** Problem **
Given the records below, the lines starting at the line with "Front over-axle hangers" and ending at the line with "The great island" should be output exactly, both end lines kept and pictures left out.

*** Recorded information Section Begins ***

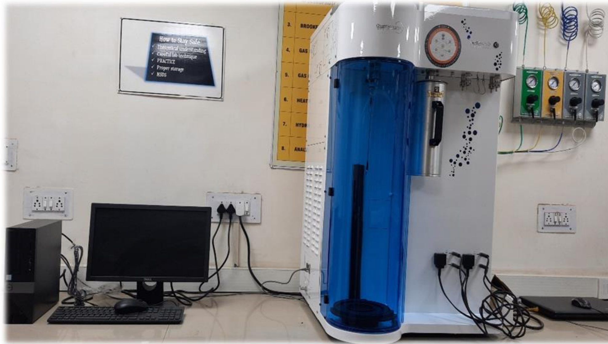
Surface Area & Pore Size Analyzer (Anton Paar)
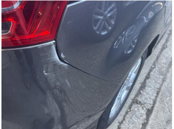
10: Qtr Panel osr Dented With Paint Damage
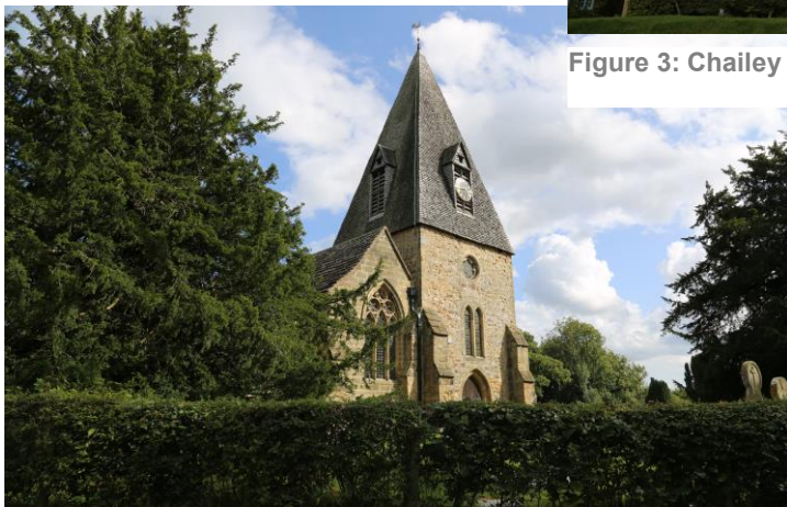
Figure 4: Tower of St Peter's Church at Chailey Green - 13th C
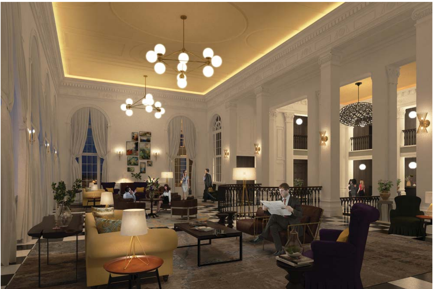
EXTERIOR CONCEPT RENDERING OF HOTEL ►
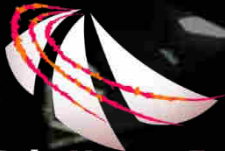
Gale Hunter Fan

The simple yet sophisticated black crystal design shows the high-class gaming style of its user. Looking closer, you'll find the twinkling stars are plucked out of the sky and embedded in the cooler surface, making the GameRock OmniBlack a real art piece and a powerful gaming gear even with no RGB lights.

*** Recorded information Section Ends ***
*** Recorded information Section Begins ***

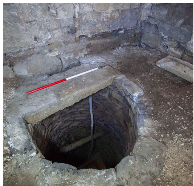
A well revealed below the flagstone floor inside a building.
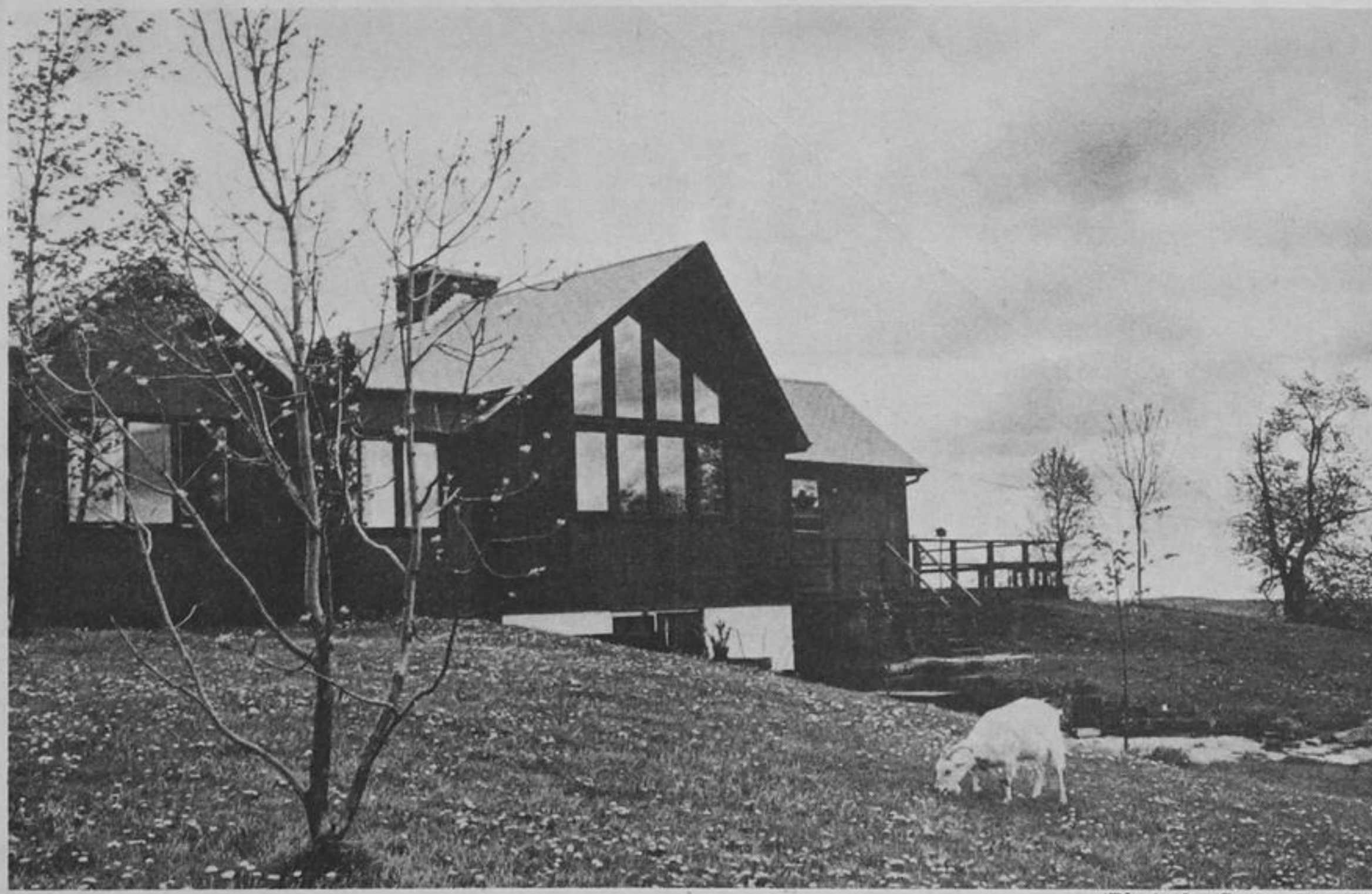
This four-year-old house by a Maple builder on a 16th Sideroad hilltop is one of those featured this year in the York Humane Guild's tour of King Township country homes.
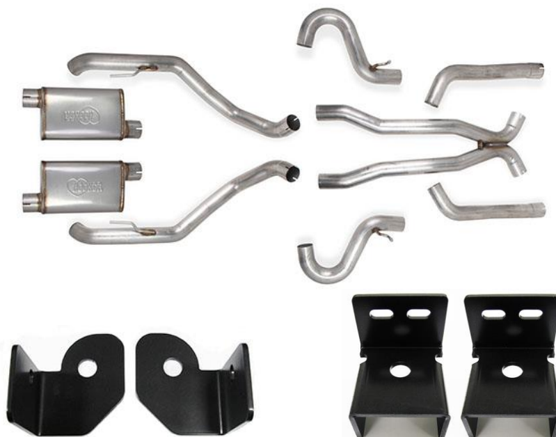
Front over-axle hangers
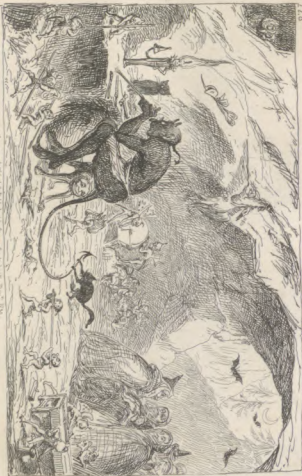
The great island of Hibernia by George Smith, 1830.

*** Recorded information Section Ends ***

** Finished exercise **
Front over-axle hangers
The great island of Hibernia by George Smith, 1830.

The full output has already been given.